The Xilinx Delay block implements a fixed delay of L cycles.

The delay value is displayed on the block in the form z-L, which is the Z-transform of the block’s transfer function. Any data provided to the input of the block will appear at the output after L cycles. The rate and type of the data of the output is inherited from the input. This block is used mainly for matching pipeline delays in other portions of the circuit. The delay block differs from the register block in that the register allows a latency of only 1 cycle and contains an initial value parameter.

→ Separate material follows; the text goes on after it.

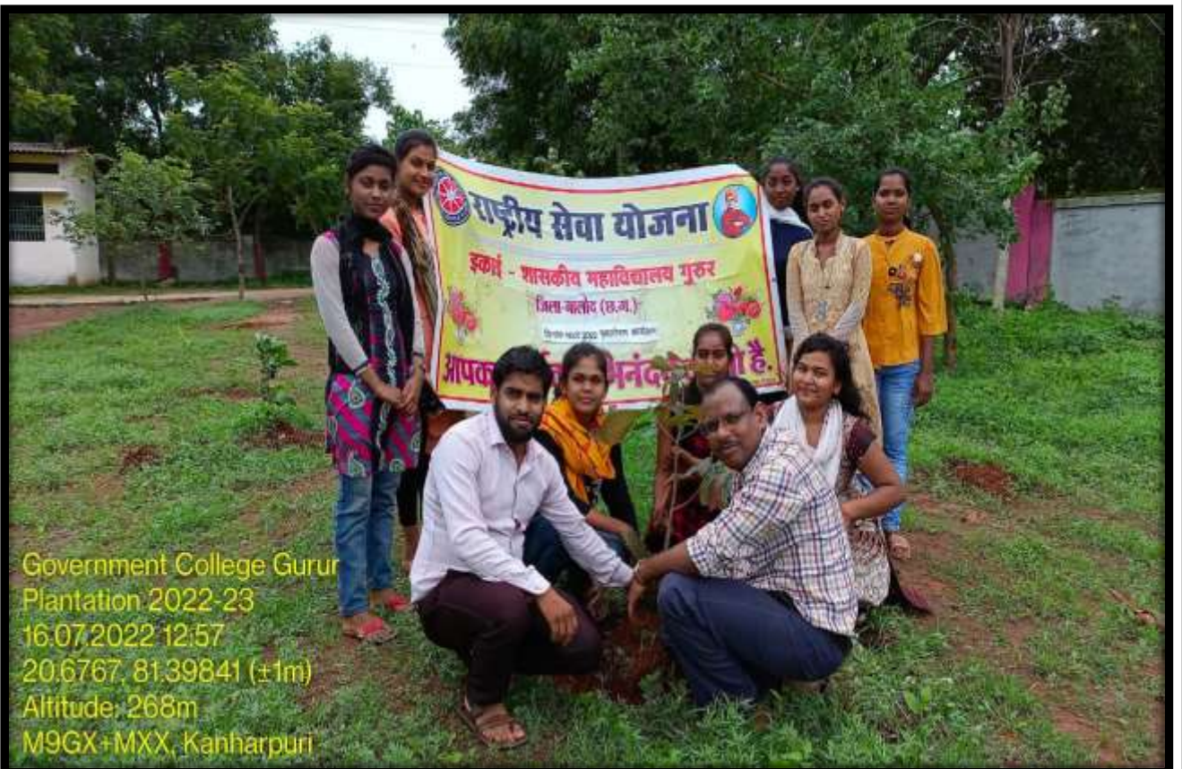
Government College Gurur Plantation 2022-23 16.07.2022 12:57 20.6767, 81.39841 ( \pm 1m ) Altitude: 268m M9GX+MXX, Kanharpuri
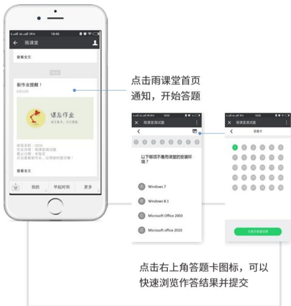
图 16 作业提醒

The delay block supports a specified latency but no initial value other than zeros.The figure below shows the Delay block behavior when L=4 and Period=1s.

Figure 1. Delay Block Behavior

For delays that need to be adjusted during run-time, you should use the Addressable Shift Register block. Delays that are not an integer number of clock cycles are not supported and such delays should not be used in synchronous design (with a few rare exceptions).

Block Parameters

The block parameters dialog box can be invoked by double-clicking the icon in your Simulink® model.

Basic tab

Parameters specific to the Basic tab are as follows:

Provide synchronous reset port
this option activates an optional reset (rst) pin on the block. When the reset signal is asserted the block goes back to its initial state. Reset signal has precedence over the optional enable signal available on the block. The reset signal has to run at a multiple of the block's sample rate. The signal driving the reset port must be Boolean.
Provide enable port:
this option activates an optional enable (en) pin on the block. When the enable signal is not asserted the block holds its current state until the enable signal is asserted again or the reset signal is asserted. Reset signal has precedence over the enable signal. The enable signal has to run at a multiple of the block 's sample rate. The signal driving the enable port must be Boolean.
Latency is the number of cycles of delay. The latency can be zero, provided that the Provide enable port checkbox is not checked. The latency must be a non-negative integer. If the latency is zero, the delay block collapses to a wire during logic synthesis. If the latency is set to L=1, the block will generally be synthesized as a flip-flop (or multiple flip-flops if the data width is greater than 1).
Implementation tab

Parameters specific to the Implementation tab are as follows:

Implement using behavioral HDL
Uses behavioral HDL as the implementation. This allows the downstream logic synthesis tool to choose the best implementation.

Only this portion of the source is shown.